On doit encore à Gabriel Vicaire plusieurs pièces de théâtre : Fleurs d’avril, La Farce du mari refondu, comédies écrites avec la collaboration de M. Jules Truffier ; Sortilège, en collaboration avec M. Charles le Goffic ; un amusant pastiche : Les Déliquescences d’Adoré Floupette (Paris, Vanier, 1885, in-18), et deux autres ouvrages, l’un en vers, Au Pays des ajoncs, Avant le soir (Paris, H. Leclerc, 1901, in-18), contenant ses poèmes sur la Bretagne, l’autre en prose, réunissant ses Études sur la poésie populaire (ibid., 1902, in-18). Ces deux volumes ont été publiés après sa mort, par les soins pieux de « son cousin par le sang, de son frère par l’affection », M. Georges Vicaire.

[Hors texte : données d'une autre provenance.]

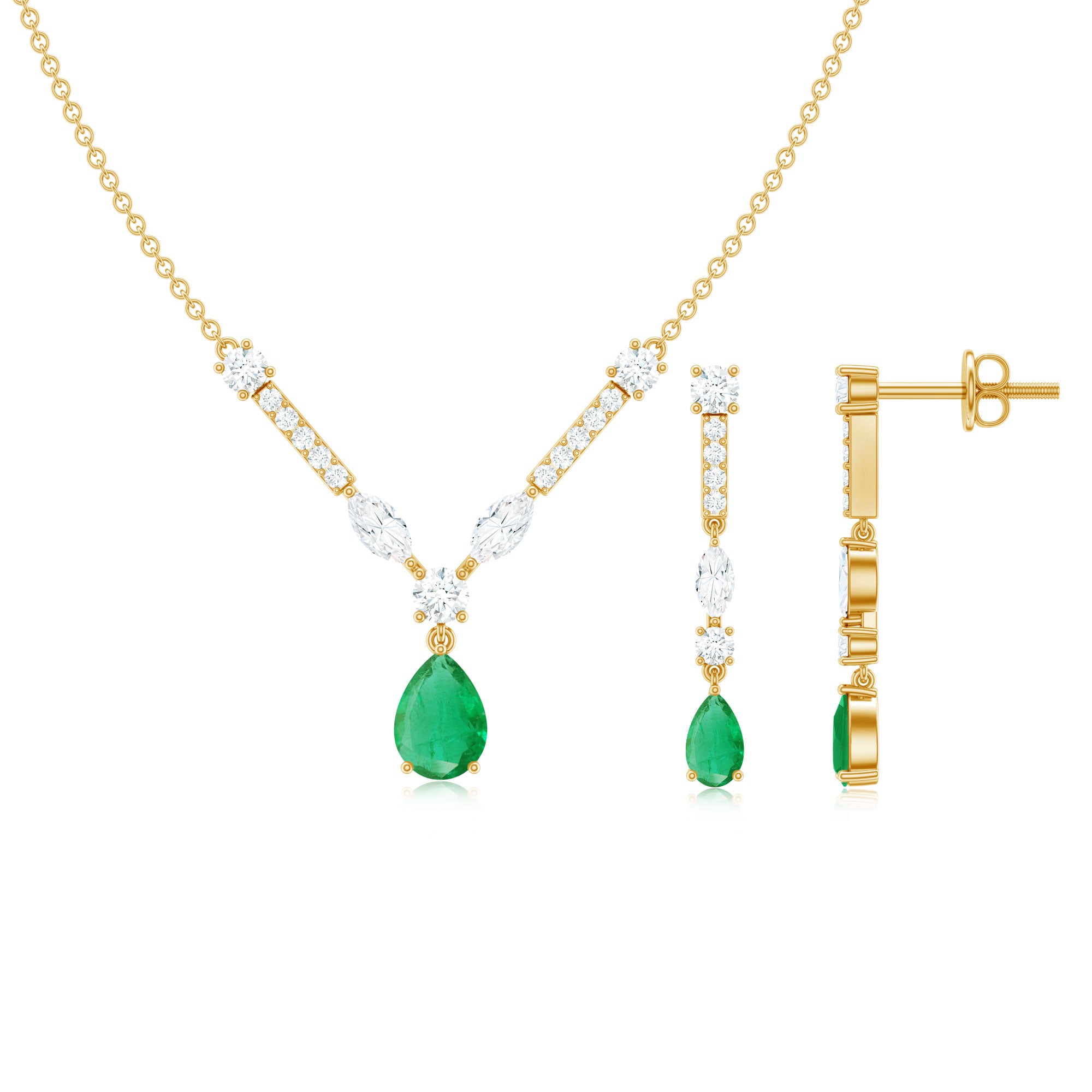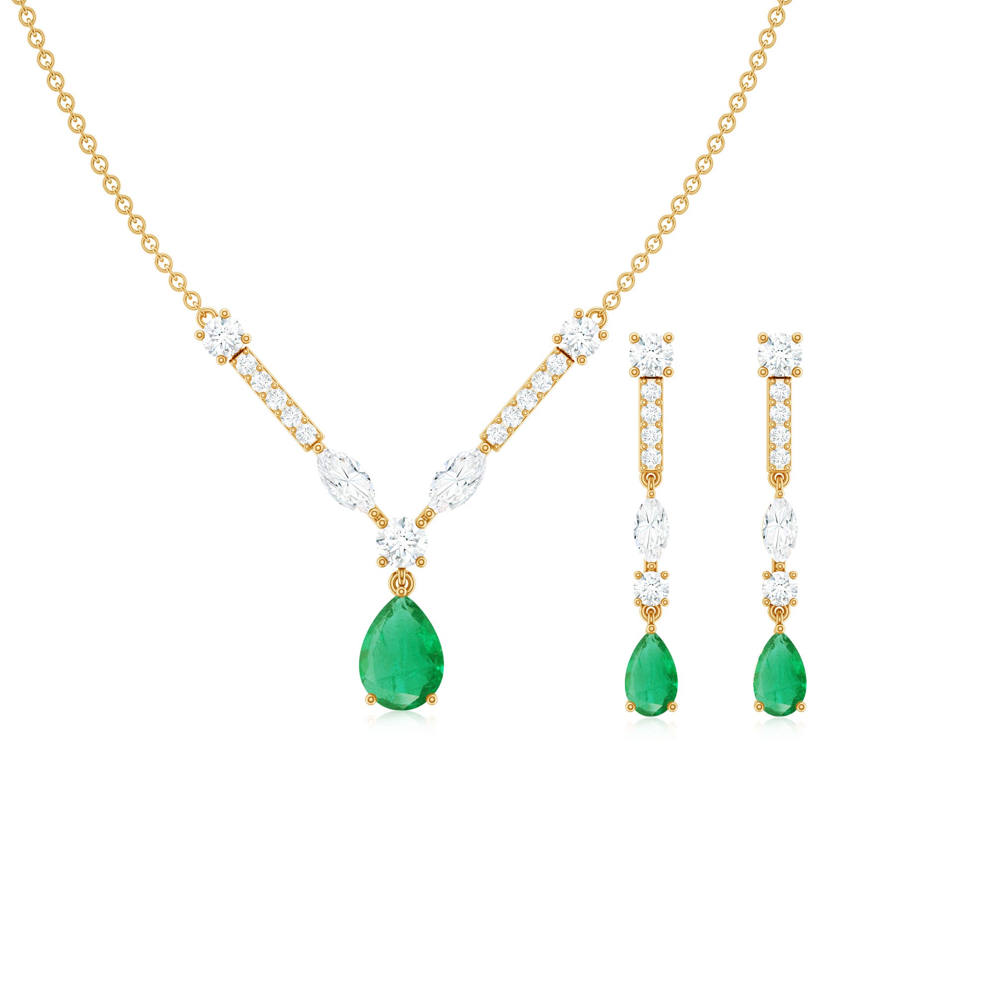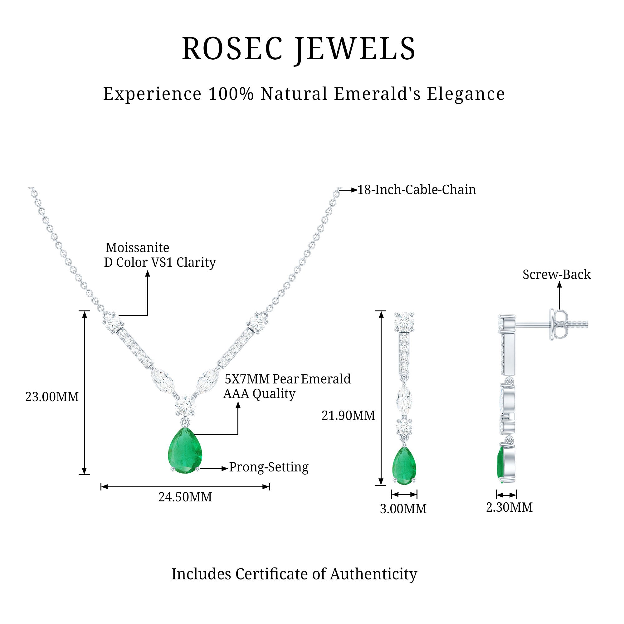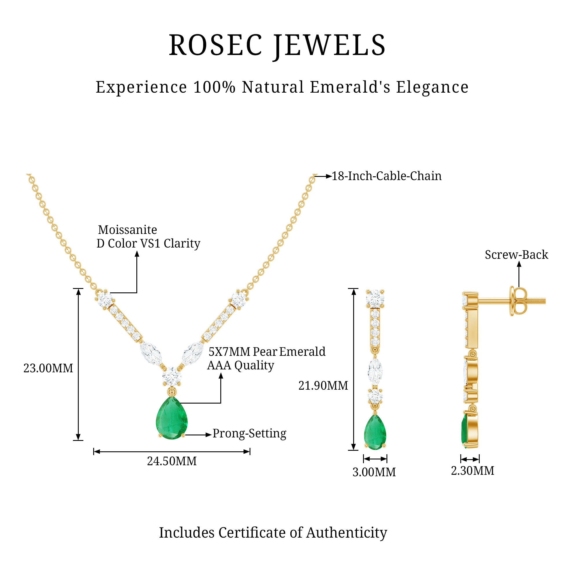 Looking for the perfect Necklace Earrings jewelry set to adorn your bride-to-be on your wedding day? Look no further than this stunning Emerald Jewelry Set. Featuring a gorgeous Pear Cut Emerald stone set in a secure Prong Setting and accented with sparkling Moissanite on both the pendant and drop earrings, this drop jewelry set is sure to make a statement. The elegant Emerald Pendant and Earrings Set is both beautiful and timeless and is sure to become a cherished piece in your loved ones jewelry collection. With a total weight of 2.25 Carat and AAA Quality certification, all of the gemstones in this set have undergone rigorous quality checks to ensure their beauty and durability. Order now to give the gift of luxury and elegance to your beloved.

Bibliographie. — Henri Corbel, Un Poète : Gabriel Vicaire, 1848-1900. Eau-forte de Lalauze. Charge de Léandre. Paris, Tallandier, s. d., in-18.



BONHEUR BRESSAN


J’ai fait plus d’une fois le rêve de Jean-Jacques :
Avoir, près d’un pêcher qui fleurirait à Pâques,
Un bout de maison blanche au fond d’un chemin creux,

C’est tout ce qu’il rae faut, je crois, pour être heureux.
Ce serait tout là-bas, proche la Samiane,
En un recoin fleuri de la terre bressane,
Où de mon lit, du moins, je verrais quelquefois
Le matin se lever, rose, au-dessus des bois.
Là, mes jours s’en iraient à la bonne franquette,
Peu de soucis au cœur, pas de sotte étiquette,
Mais un enchantement toujours jeune et nouveau.
Vêtu du sarrau bleu, coiffé du grand chapeau,
Parmi les paysans je vivrais comme un sage,
Attrapant chaque jour une rime au passage ;
Et que d’humbles plaisirs, antiques, mais permis,
Dont je ne parle pas ! Avec de bons amis,
Tous au même soleil, comme on serait à l’aise !
Le soir, sous la tonnelle on porterait sa chaise ;
Bientôt le petit vin de Bresse interviendrait,
Bavard comme toujours et toujours guilleret ;
Puis, à la nuit, chacun rêvant de sa chacune,
On fumerait sa pipe, en regardant la lune.
Ainsi je vieillirais et j’attendrais mon tour,
À ne jamais rien faire occupé tout le jour.
Je n’en demanderais, ma foi, pas davantage ;
Mais s’il venait, rêveuse, un soir, à l’ermitage
Quelque fillette blonde avec de jolis yeux,
Pour la bien recevoir on ferait de son mieux.


AU BORD DE L’EAU


À Josephin Soulary.


En m’en revenant de vers chez mon père,
— Vole au soleil d’or, vole, ma chanson ! —
En m’en revenant, derrière un buisson,
Je vois Marion qui se désespère.

Elle regardait — le joli tableau ! —
Dans le vert Suran trembler son image.
« Galant, me dit-elle, oh ! que c’est dommage !
La clef de mon cœur est tombée à l’eau.

« La clef de mon cœur est dans la rivière ;
Elle flotte, flotte avec le courant.

Où la retrouver ? Le monde est si grand ! »
— Et je lui réponds de la chènevière :

« Donne-moi ta main et sèche tes pleurs ;
Je suis compagnon de la marjolaine !
La clef de ton cœur, nous l’aurons sans peine :
Le rosier d’amour est encore en fleurs.

a Allons, si tu veux, jusqu’au bout du monde !
Mais ne parlons pas sans nous embrasser ;
Allons en chantant ; nous verrons danser
Les vaisseaux du roi sur la mer profonde.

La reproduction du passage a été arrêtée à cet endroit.